*** Opening COLLECTED DATA ***

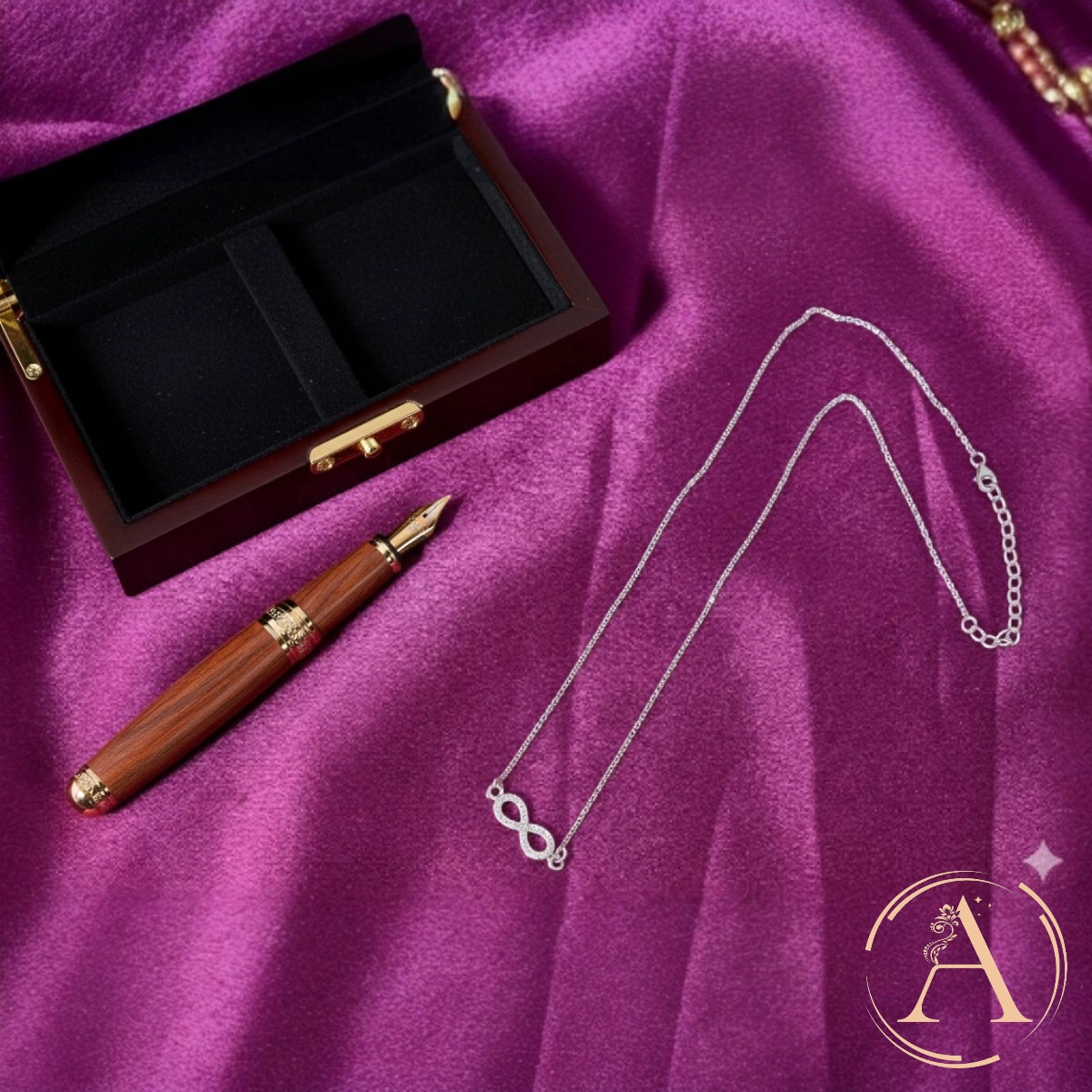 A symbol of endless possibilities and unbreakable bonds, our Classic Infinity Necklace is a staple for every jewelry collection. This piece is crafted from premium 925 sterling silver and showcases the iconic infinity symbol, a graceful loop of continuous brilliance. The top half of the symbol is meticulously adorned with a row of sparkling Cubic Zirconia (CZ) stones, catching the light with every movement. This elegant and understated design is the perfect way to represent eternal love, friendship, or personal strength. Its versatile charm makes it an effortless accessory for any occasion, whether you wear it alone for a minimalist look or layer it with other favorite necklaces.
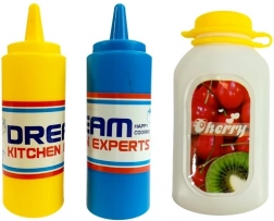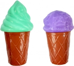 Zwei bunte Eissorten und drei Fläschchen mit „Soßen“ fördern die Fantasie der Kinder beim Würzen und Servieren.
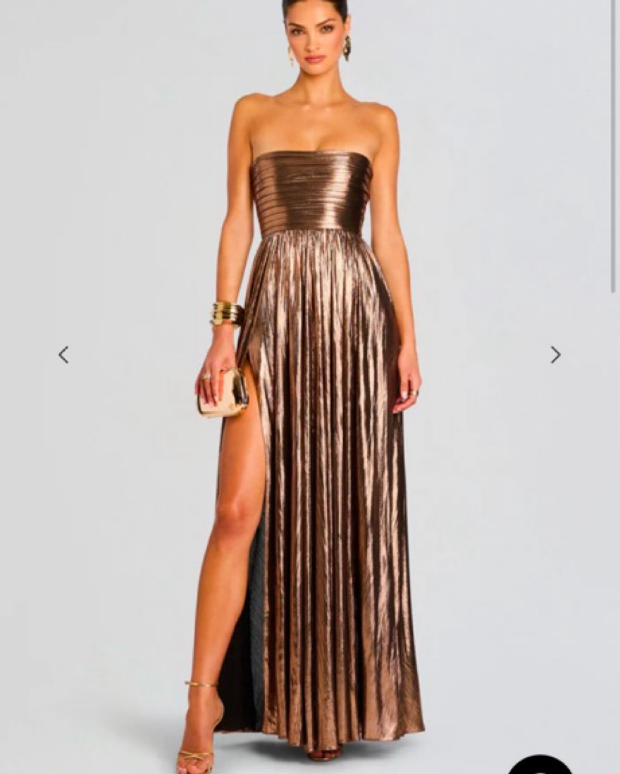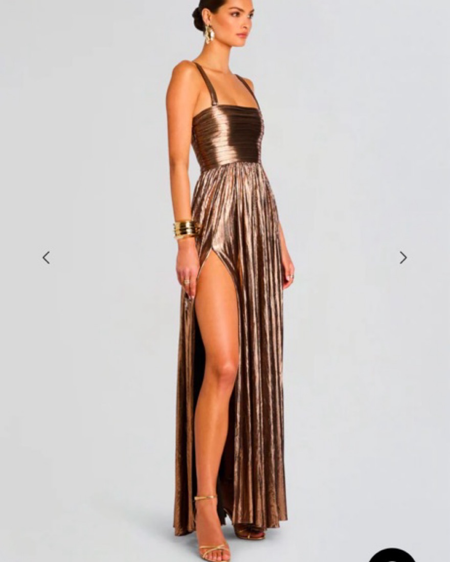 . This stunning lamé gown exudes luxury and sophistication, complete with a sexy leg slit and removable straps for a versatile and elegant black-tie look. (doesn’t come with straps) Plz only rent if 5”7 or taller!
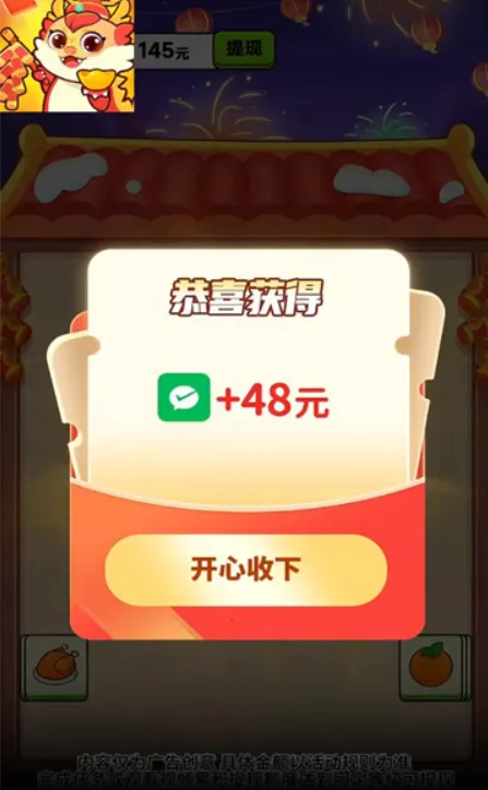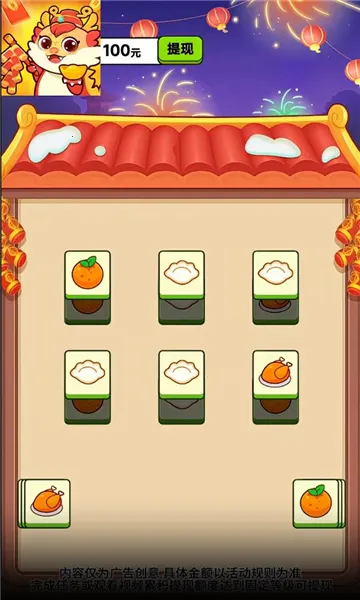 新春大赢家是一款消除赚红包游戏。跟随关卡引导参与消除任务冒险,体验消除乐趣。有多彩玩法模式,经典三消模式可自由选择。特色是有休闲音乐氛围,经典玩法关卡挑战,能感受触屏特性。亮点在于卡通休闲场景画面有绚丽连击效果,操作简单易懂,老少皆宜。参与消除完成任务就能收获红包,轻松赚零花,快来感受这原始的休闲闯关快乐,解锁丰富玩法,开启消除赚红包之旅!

*** Closing COLLECTED DATA ***

### TASK TO CARRY OUT
Make an exact copy of the lines from the top of the material through the line with "Zwei bunte Eissorten", pictures excluded.

### EXERCISE OUTPUT
 A symbol of endless possibilities and unbreakable bonds, our Classic Infinity Necklace is a staple for every jewelry collection. This piece is crafted from premium 925 sterling silver and showcases the iconic infinity symbol, a graceful loop of continuous brilliance. The top half of the symbol is meticulously adorned with a row of sparkling Cubic Zirconia (CZ) stones, catching the light with every movement. This elegant and understated design is the perfect way to represent eternal love, friendship, or personal strength. Its versatile charm makes it an effortless accessory for any occasion, whether you wear it alone for a minimalist look or layer it with other favorite necklaces.
 Zwei bunte Eissorten und drei Fläschchen mit „Soßen“ fördern die Fantasie der Kinder beim Würzen und Servieren.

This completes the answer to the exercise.